START Supplied data

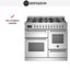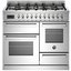 Устройства с тремя духовками также имеют один основной и две дополнительных шкафа разного объема: например, плиты Bertazzoni оснащены большой духовкой объемом 69 литров, средней объемом 54 литра и малой объемом 24 литра. Духовки располагаются в два ряда: две меньшие духовки в одном ряду, большая и ящик для посуды в другом.
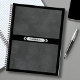 The perfect writing companion for the professional executive—a premium notebook designed for sophisticated style and focused notetaking. This notebook features a sleek Charcoal Gray designer texture and bold black framing, projecting a serious, authoritative aesthetic ideal for the office. The design is dominated by the striking, custom metallic-look name badge (a printed graphic element), instantly conveying high status and personal branding. Use this journal for brainstorming, meeting notes, project tracking, or daily journaling. Its minimalist design promotes an uncluttered focus, making it a superb desk accessory. The name on the badge is fully editable. Easily personalize the notebook with a full name, initials, or professional title. NOTE ON DESIGN: The beautiful textured look and metallic badge are printed design elements applied to the durable notebook cover.
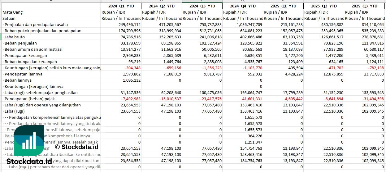 Namun drama itu berbalik tajam di Q3 2025. Secara year to date 9M, pendapatan naik menjadi sekitar 814,1 miliar dari 753,7 miliar di 9M 2024, tumbuh 8,01%. Laba year to date melonjak lebih kencang, dari 77,1 miliar menjadi 102,1 miliar, naik 32,50%. Dengan sedikit aljabar sederhana, ini berarti laba kuartal ketiga saja sekitar 79,6 miliar, naik lebih dari 755% quarter on quarter dari titik terendah 9,3 miliar di Q2 2025. Pendapatan Q3 2025 juga kuat, sekitar 334,0 miliar. Margin laba year to date membaik dari 10,22% di 9M 2024 menjadi 12,54% di 9M 2025. Q3 2025 praktis menjadi kuartal balas dendam setelah dua kuartal sebelumnya menekan mental pemegang saham.

END Supplied data

Task instructions: Your task is to restate word for word the lines from the top of the data to the line containing "The perfect writing", both ends included, with every picture left out.

Task response:
 Устройства с тремя духовками также имеют один основной и две дополнительных шкафа разного объема: например, плиты Bertazzoni оснащены большой духовкой объемом 69 литров, средней объемом 54 литра и малой объемом 24 литра. Духовки располагаются в два ряда: две меньшие духовки в одном ряду, большая и ящик для посуды в другом.
 The perfect writing companion for the professional executive—a premium notebook designed for sophisticated style and focused notetaking. This notebook features a sleek Charcoal Gray designer texture and bold black framing, projecting a serious, authoritative aesthetic ideal for the office. The design is dominated by the striking, custom metallic-look name badge (a printed graphic element), instantly conveying high status and personal branding. Use this journal for brainstorming, meeting notes, project tracking, or daily journaling. Its minimalist design promotes an uncluttered focus, making it a superb desk accessory. The name on the badge is fully editable. Easily personalize the notebook with a full name, initials, or professional title. NOTE ON DESIGN: The beautiful textured look and metallic badge are printed design elements applied to the durable notebook cover.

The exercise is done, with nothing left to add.